Output validation rejects anything that is not a DataFrame, adds no new column, or adds a non-numeric column; surviving new columns have ±inf replaced with NaN so downstream estimators do not break.

execute(code, X) raises FeatureExecutionError if any layer fails. This is the CAAFE pattern: pandas/numpy transforms only, never arbitrary capability.

Untrusted data needs more than the in-process allowlist

The in-process sandbox blocks the obvious escapes, but for untrusted inputs you can still require human-in-the-loop approval and/or route execution to a container sandbox via config.execution.sandbox. See Security.

You can pass a custom executor into the engineer:

GenAIFeatureEngineer(proposer, executor=FeatureCodeExecutor())

Customising the measurement¶

By default the engineer measures lift with a HistGradientBoosting* estimator — a HistGradientBoostingClassifier for classification tasks, otherwise a HistGradientBoostingRegressor — wrapped in an imputation/encoding pipeline (median impute for numerics; most-frequent impute plus one-hot encoding for categoricals). It is scored with the evaluator's default metric for the task. Override the scoring estimator, the evaluator, or the CV folds:

from sklearn.ensemble import RandomForestClassifier

engineer = GenAIFeatureEngineer(
    proposer,
    scorer_estimator=lambda task: RandomForestClassifier(n_estimators=200),  # (1)!
    cv=10,
    random_state=7,
)

scorer_estimator is a Callable[[TaskType], estimator]: it receives the task and returns the estimator used to measure lift. The same estimator scores both the baseline and every candidate, so the comparison stays fair.

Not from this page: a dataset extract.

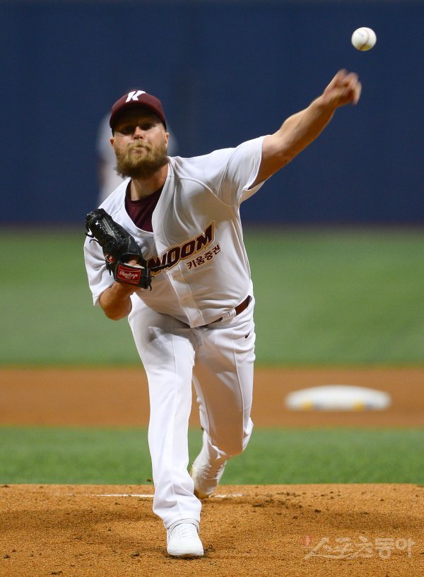 12일 서울 고척스카이돔에서 ‘2019 신한은행 MY CAR KBO리그 시범경기’ LG트윈스와 키움히어로즈의 경기가 열렸다. 키움 선발 요키시가 1회초 힘차게 공을 던지고 있다.

To tighten the acceptance bar, supply a gate with a non-zero min_gain:

from fireflyframework_datascience.features import CostBenefitGate
from fireflyframework_datascience.features.genai import GenAIFeatureEngineer

# Require more than +0.005 of lift before a feature is worth its complexity.
gate = CostBenefitGate(min_gain=0.005)
engineer = GenAIFeatureEngineer(proposer, gate=gate)

Auditing the decisions¶

The accepted/rejected trail lives on the returned EngineeringResult, but for governance you usually want it persisted. Wire an AuditLogPort and every gate decision — accepted or rejected, with the feature name, the code, the score, the baseline and the reason — is written durably, one record per proposal:

from fireflyframework_datascience.features.audit import JsonlAuditLog
from fireflyframework_datascience.features.genai import GenAIFeatureEngineer

engineer = GenAIFeatureEngineer(proposer, audit_log=JsonlAuditLog("audit/genai-decisions.jsonl"))
engineer.engineer(dataset)
# audit/genai-decisions.jsonl now holds one JSON line per decision — greppable and append-only.

This is what makes "every GenAI decision is logged and auditable" literally true: a risk or compliance reviewer can reconstruct why each feature was kept or dropped, long after the run.